Barely. Here's why conservatives keep fucking with you, and how far apart we really are.
Reminder: they either do not believe in science (but they're happy to use iPhones and fly on airplanes or get an MRI), they're lying to you, or they don't care about you. Vote them the fuck out.
PODCAST UPDATE
This week's question was How Does A Young Lady Go from Art School to NASA?

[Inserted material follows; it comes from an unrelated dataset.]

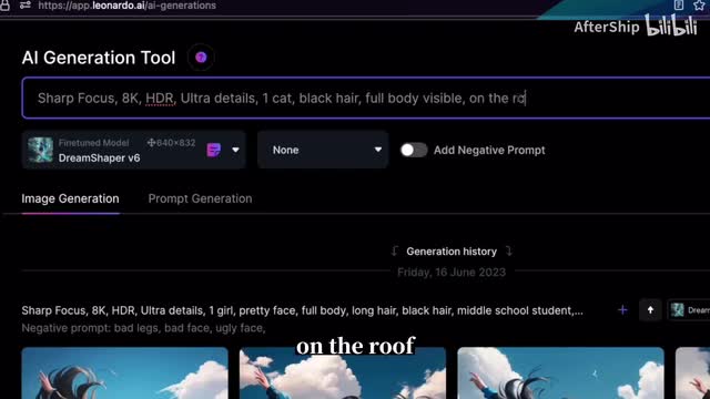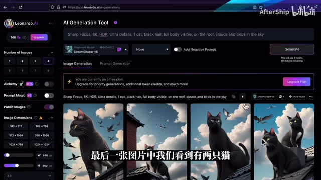 并且我们希望说这个图片它是可以看到整只猫的,我们叫full body visible。然后我们也可以描述一些这个猫的姿势,或者说它所处的环境。比如说他在屋顶上,你这on the room,比方说我们还可以再描述说背景的环境是什么样。比如说有天上有云。还有些鸟写好提示词之后,我们点击这个generate就可以生成图片了。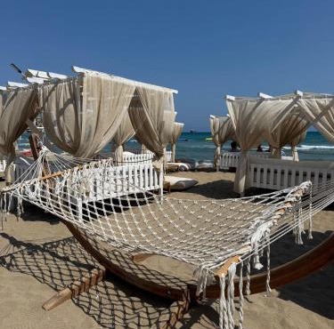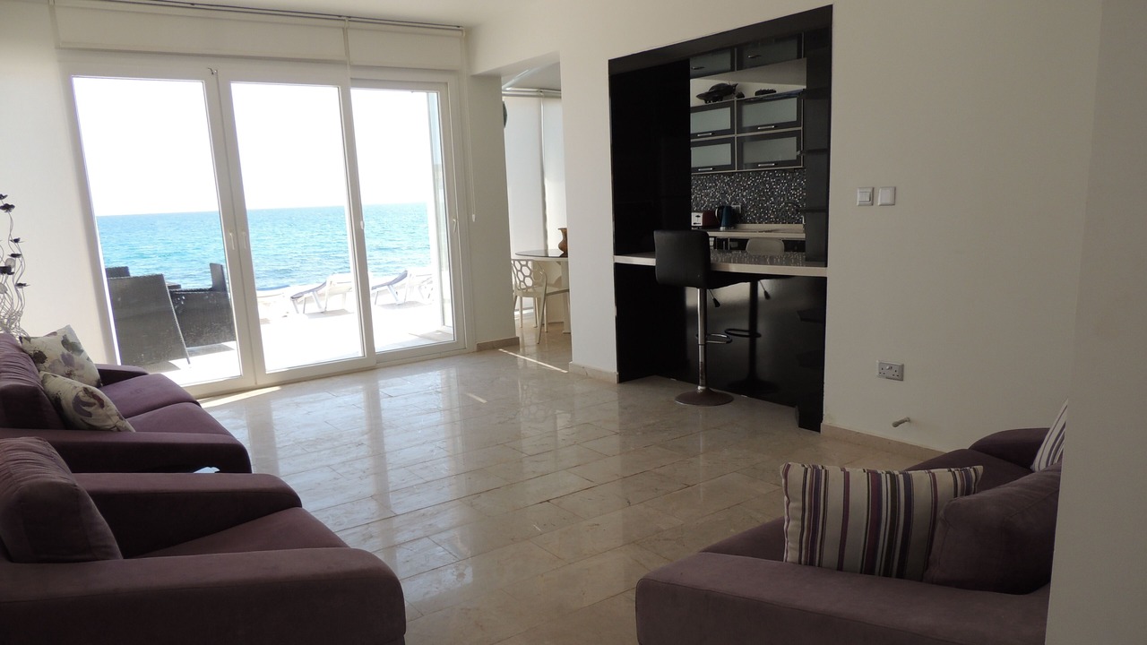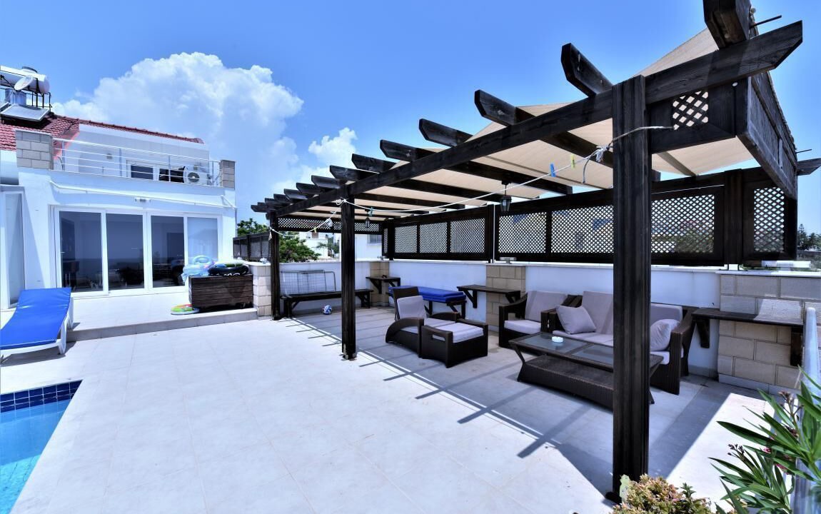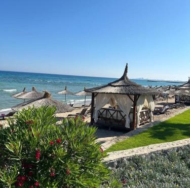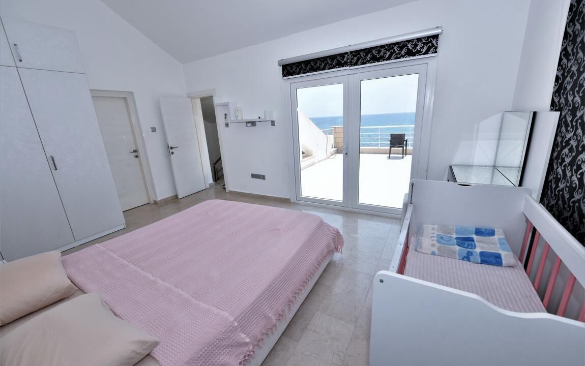 Villa Moonlight has a unique feature of being a new Villa on the beach and has a total of 7 bedrooms. The villa has a lovely front garden with colourful, scented flowers and jasmine trees. At the rear of the villa, there is large family terrace with an infinity pool, overlooking the beach/sea. There is a Pergola with dining tables and chairs, together with an authentic stone barbecue. There are bench seating areas, plenty of sun beds (with individual sun umbrellas), a swing chair, outdoor coffee table and chairs and an outdoor sofa group. Our home can be tailored and adapted towards each booking giving the flexibility to add as many rooms according to our guest's needs. It is perfectly located and only 8 minutes away (walking distance) from the bars, restaurants and supermarkets. Villa Moonlight is furnished to a luxury and high standard complete with all mod cons and versatile that can be adapted to suit different group sizes and guest's needs on request. (Please note that the house has 5 bedrooms but there are two extra bedrooms, lounge and kitchen for larger group sizes). Please check with the owner if you need the extra space for your group size. Maximum sleeping capacity 14 guests. 2 separate families can stay together, for example. But couples are welcome too, as the villa has an amazing romantic setting! The Villa is on the main road to Karpaz peninsula. The back of villa sits on it's own beach which is very peaceful and calming. So, the villa is perfect for relaxation. The famous karate tortoises leave their eggs in the sand, on the beach, at the back of the villa, in the month of May. The villa also has a caretaker in a separate flat, he can help with any queries and if there are any problems, can fix quickly.

Our guest: Ariel Waldman. Ariel is on the council for NASA Innovative Advanced Concepts, she's the co-author of the National Academy of Sciences report on the future of human spaceflight, the author of the book What’s It Like in Space?: Stories from Astronauts Who’ve Been There, the founder of Spacehack.org, and the global director of Science Hack Day, a grassroots endeavor to prototype things with science that is now in over 25 countries. In 2013, Ariel received an honor from the White House for being a Champion of Change in citizen science, because of course she did.
Subscribe now to get next Tuesday's episode: Outsmarting Cholera.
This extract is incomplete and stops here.